HEROES ANONIMOS, HEROES OLVIDADOS
Se olvida muy rápidamente a esos soldados y oficiales que jamás ocuparán grandes titulares, ni cuyas fotos saldrán en las páginas sociales o serán objeto de actos públicos de reconocimiento. Hombres y mujeres, que alejados de sus familias y soportando inclemencias, son artífices del éxito.
Por César Castaño Rubiano
Fecha: 07/28/2008 -
En días pasados, la atención de los colombianos giró alrededor de la celebración del aniversario de la independencia nacional. Los medios de comunicación no cesaron de invitar a las actividades programadas, entre otras, la marcha por la liberación de los cautivos, el gran concierto nacional, el desfile militar en Leticia, en fin, todos los actos para manifestar, en esencia, el amor por Colombia.
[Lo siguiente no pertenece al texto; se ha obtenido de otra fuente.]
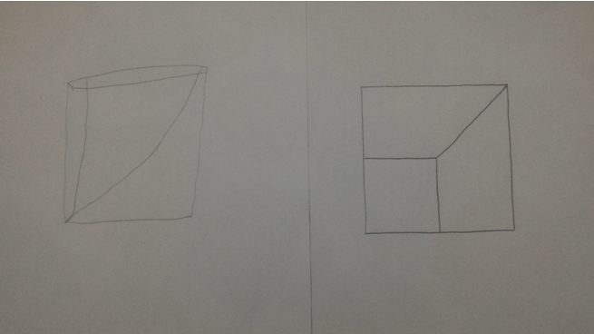 ÇOCUĞUN ANLATTIĞI 1)Büyük üçgenlerin alt tarafları yani uzun taraflarını birleştiriyoruz. 2)Kareyi üçgenleri birleştirdiğimiz tarafta, aynı üçgenleri birleştirdiğimiz gibi koy. 3)Küçük üçgenleri sola ve sağa bakacak şekilde en üste koy. 4)Diğer kalanları da altına koy. 5)Üçgenin ucunu dörtgenin büyük yerine koy. 6)Diğer kalanın da ucunu sol taraf ucuna koyuyoruz. | GEOMETRİK İFADESİ 1)Büyük üçgenlerin uzun kenarlarını birleştiriyoruz. 2)Üçgenleri birleştirdiğimizde oluşan karenin köşesine, koyacak olduğumuz karenin bir köşesi gelecek şekilde koy. 3)Küçük üçgenleri, köşeleri karenin üst kısımdaki kenarlarına gelecek şekilde koy. 4)Üçgen ve paralelkenarı şeklin en alt kısmına koy. 5)Üçgenin köşesi büyük üçgenlerin oluşturduğu karenin aşağı yönlü kenarlarından sağ tarafta olan kenara değecek şekilde koy. 6)Paralel kenarı da büyük üçgenlerin oluşturduğu karenin aşağı yönlü kenarlarından sol tarafta olan kenara değecek ve dar açılı köşesi değecek şekilde koy. |

Sin embargo, en medio de ese júbilo patriótico y del rotundo éxito de los eventos desarrollados, pocos recordaron nombres como el del sargento del Ejército Hélmer Javier Pérez Chamorro quien perdió la vida al intentar salvar la de los diputados del Valle del Cauca, o el soldado profesional Jhon Fredy Hernández quien pereció cuando rescataba a sus compañeros en medio de un campo minado, o el subteniente Diego Alejandro Barrero Guimand asesinado por un francotirador mientras conducía su patrulla en el nudo de Paramillo, o el del subteniente Luis Eduardo Villegas Forero, ultimado cuando se enfrentó a un grupo de plagiarios durante el rescate de un secuestrado. Estos personajes poco a poco caen en el anonimato, en el olvido, como cientos de soldados, infantes de marina o policías muertos o afectados en su integridad. Héroes anónimos perpetuados en la memoria de sus familias, exaltados ocasionalmente por sus instituciones, pero generalmente olvidados por sus conciudadanos.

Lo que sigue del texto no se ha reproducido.